This happens because the nerves in the upper part of your neck are connected to the nerves in your head and face. A disorder of the upper neck joints or muscles can cause referred pain to your head. Neck and Shoulder Pain Any of the following points could suggest that your neck may be causing the headache:

  • Headache associated with neck pain. Does the pain radiate from the back to the front of your head?
  • Headache with dizziness or light-headedness;
  • Headache brought on or worsened by neck movement or staying in the same position for a long time;
  • Headache eased by pressure to the base of the skill

The neck and the shoulder regions are very closely related - both in their anatomy and in their function. Neck and shoulder pain can co-exist with each other and it is common to have a mixed pattern of both neck and shoulder pain at the same time.

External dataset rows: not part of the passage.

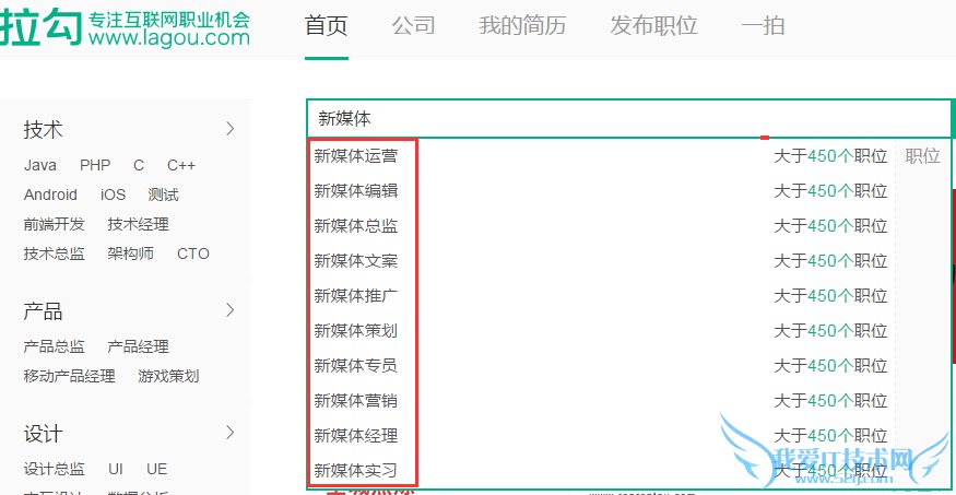 先了解一下新媒体相关的工作岗位有哪些吧?怎么了解呢?我以拉钩网举例,它是专门做互联网职业招聘的。打开拉钩网,然后输入关键词“新媒体”三个字,下面的下拉框会出现新媒体运营,新媒体编辑,新媒体营销..........。都是大于450的,说明这个职位的需求还是蛮大的。
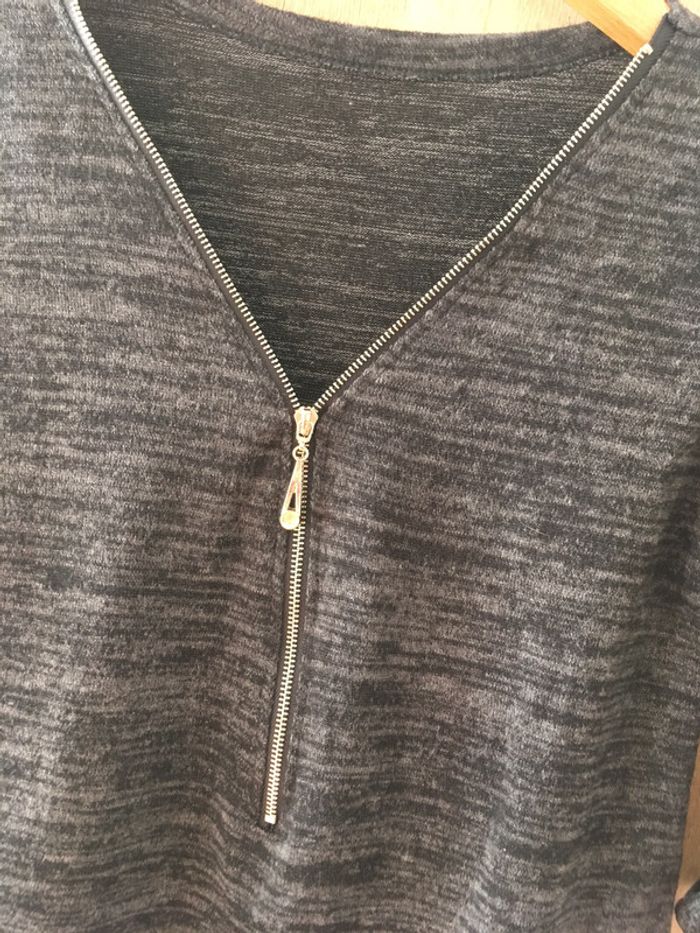 Pull encolure en v avec zip manches long noir gris - photo numéro 1
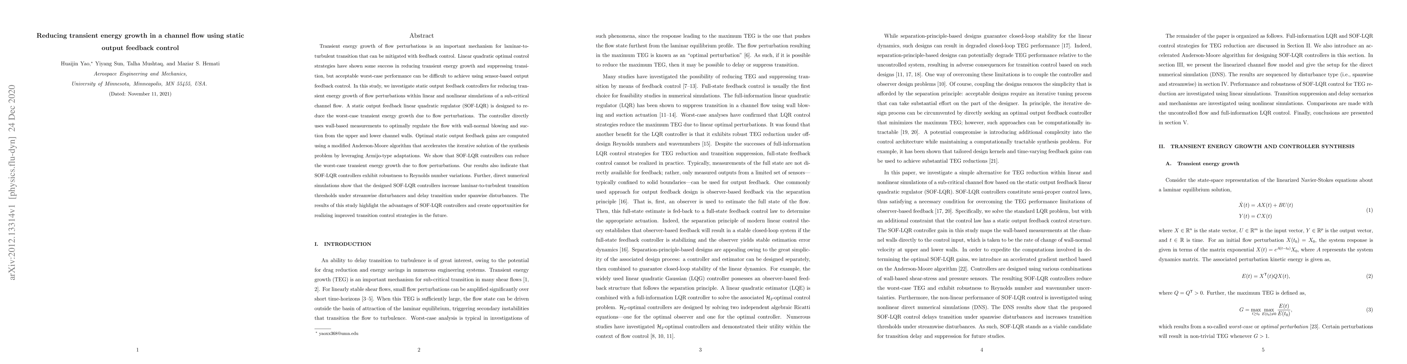 This study investigates static output feedback linear quadratic regulators (SOF-LQR) to reduce transient energy growth in sub-critical channel flow, demonstrating their effectiveness in delaying laminar-to-turbulent transition through wall-normal blowing and suction. The designed controllers show robustness to Reynolds number variations and improve transition thresholds.
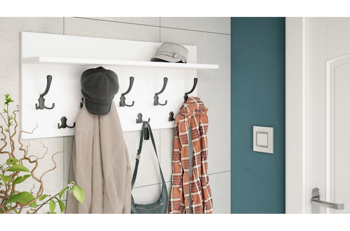 FINLO matinės baltos/matinės juodos rankenėlės – MODERNUS SIENINIS PAKABINIMAS SU LENTYNA PRIEŠKORIUI 90 ir 70 cm
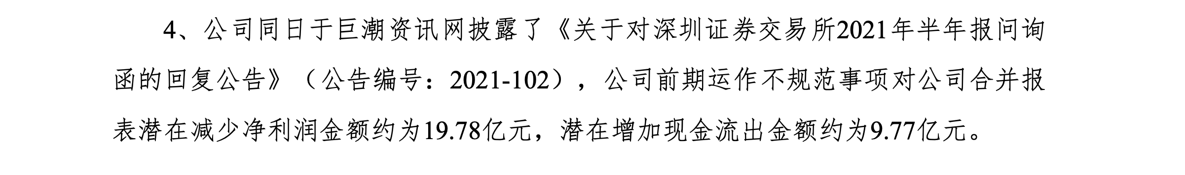 另外可能追溯的利润调整,19个亿,去看下奥马2020年净资产多少?归母21亿,最大口径调整也不会导致净资产为负,不会带退市风险警示。

All of the tissues that make up your shoulder come from the same development area of the growing embryo - the fifth neck segment.

This means that pain from any of these "shoulder bits" is felt in the same part of the arm - and at times all the way to the wrist. This skin area runs down from the shoulder on the outer part of your arm, over the elbow and towards the base of the thumb. It also means that pain from the bones or joints or discs of the fifth neck segment is felt in the same area.

This is why it can be difficult to work out if neck and shoulder pain is arising in the neck or in the shoulder - as far as the brain is concerned, these body areas are very closely related.

What causes neck pain?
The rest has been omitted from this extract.